During the analysis, it was found that the income from maize seed and training received had positive and statistically significant effect on the adoption of foundation seed production. Adoption of foundation seed production had positive and statistically significant effect on income from maize seed production. To combat such endogeneity, the instrumental variable model was used. Hence, the adoption of foundation seed production (as a dummy) was instrumented and the variable training received was used as an instrumental variable. The highly significant F value indicates that the selection of explanatory variables in the model was enough to describe the variation in the dependent variable. About 60% variation in the dependent variable was explained by the explanatory variable (Table 7). In the instrumental variable model, the production of foundation seed had a positive effect, but it was statistically non-significant. This revealed that actually the production of foundation seed does not have a significant effect on income of farmers in the study area.

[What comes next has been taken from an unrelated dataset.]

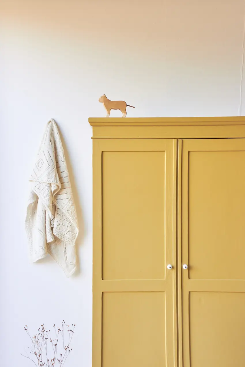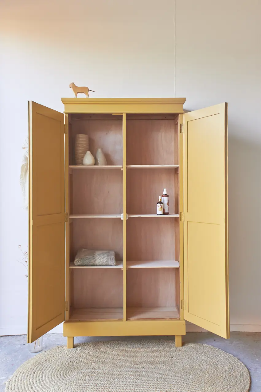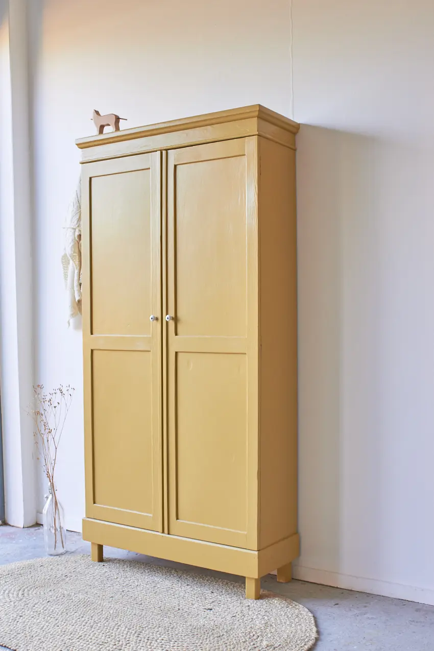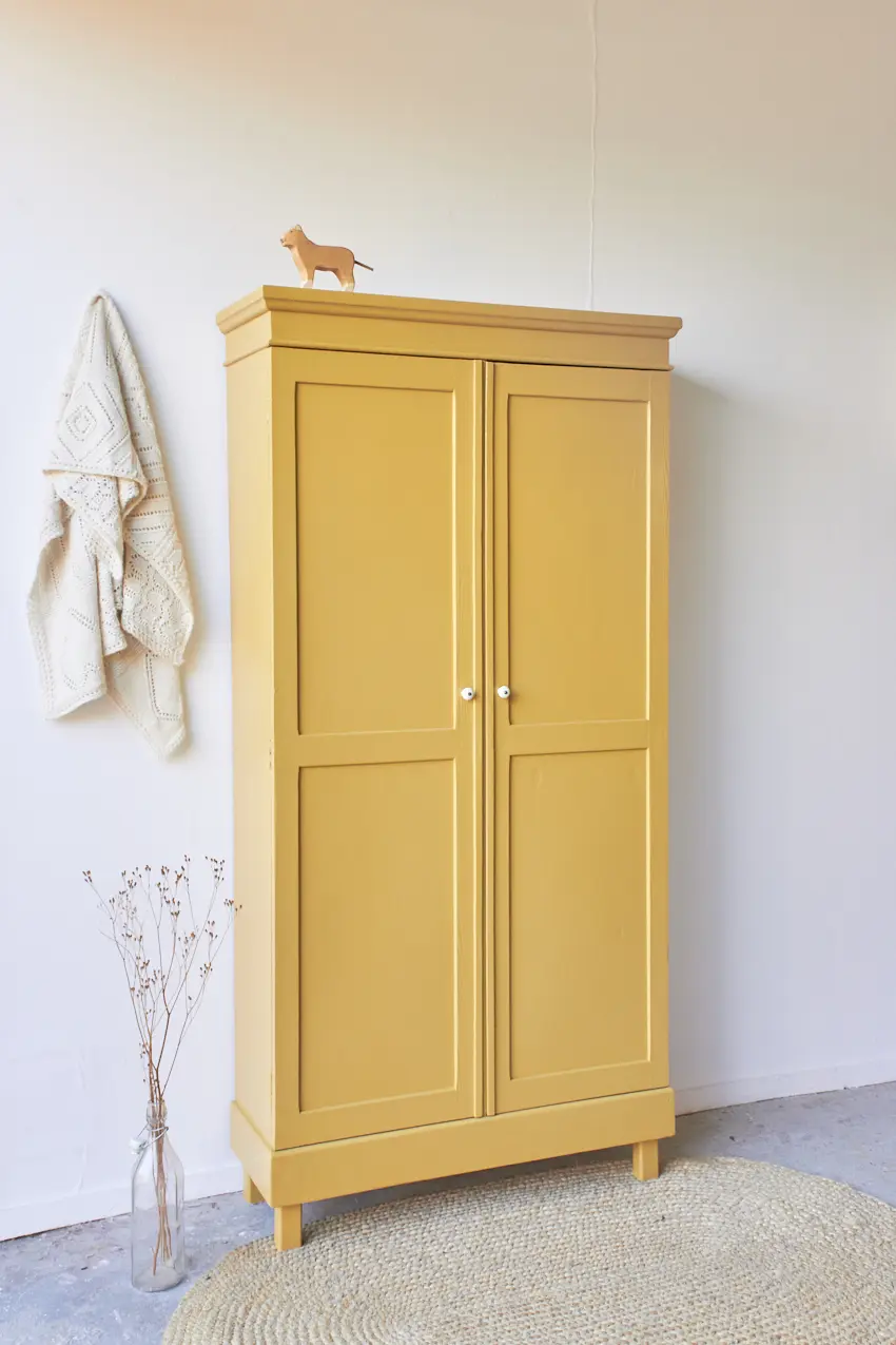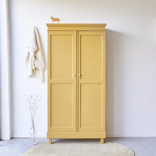 Wij kozen ervoor hem in deze prachtige kleur saffraan te schilderen. een mooie warme geel! Het heeft ons even gekost om tot deze prachtige geel te komen. Een geel is snel te fel of te muf. Saffraan is wat dat betreft een perfecte combinatie tussen fris en warm. Ieder meubel dat we in saffraan schilderen komt meteen tot leven. Deze kleur wordt ook veel gekozen onder onze op maat meubels. En dat snappen wij, Saffraan staat elke kast en commode fantastisch! De deuren sluiten door middel van een magneetje. De kast hebben we afgewerkt met porseleinen knopjes. En zo is hij weer helemaal klaar voor een nieuw leven.

Table 7 Effect on income using the instrumental variable model

Conclusion

The study revealed that the foundation seed producer had more year of experience in maize seed production. The livestock holding (LSU) was also higher in the case of foundation seed producer. The source of seed, variety used and training received about maize seed production technology was significantly different between the foundation and certified seed producer. The income from foundation seed production was more than about NRs. 51,000 with B:C ratio 1.16 as compared to certified seed. The low B:C ratio 0.96 of certified seed indicates that the certified seed production in the study area was at a loss. The major determinants of adoption of foundation seed production were income from maize seed production, training received and type of family. Production of foundation seed would increase the income of maize seed positively and significantly by about 44%. The major determinants of income from maize seed production were maize seed area, foundation seed production, HH migration status, extension service and membership in cooperative. To address the endogeneity problem, the instrumental variable model was used and found the major determinants as maize seed area, membership in cooperative and migration to influence maize seed income. The production of foundation seed and extension received were found non-significant on the total income from maize seed production. The foundation seed production was profitable in the study area. So proper trainings and extension service is needed to aware and motivate the farmers to adopt the foundation seed production which could uplift their economic condition. Similarly, farmers can increase their area through contract and cooperative farming.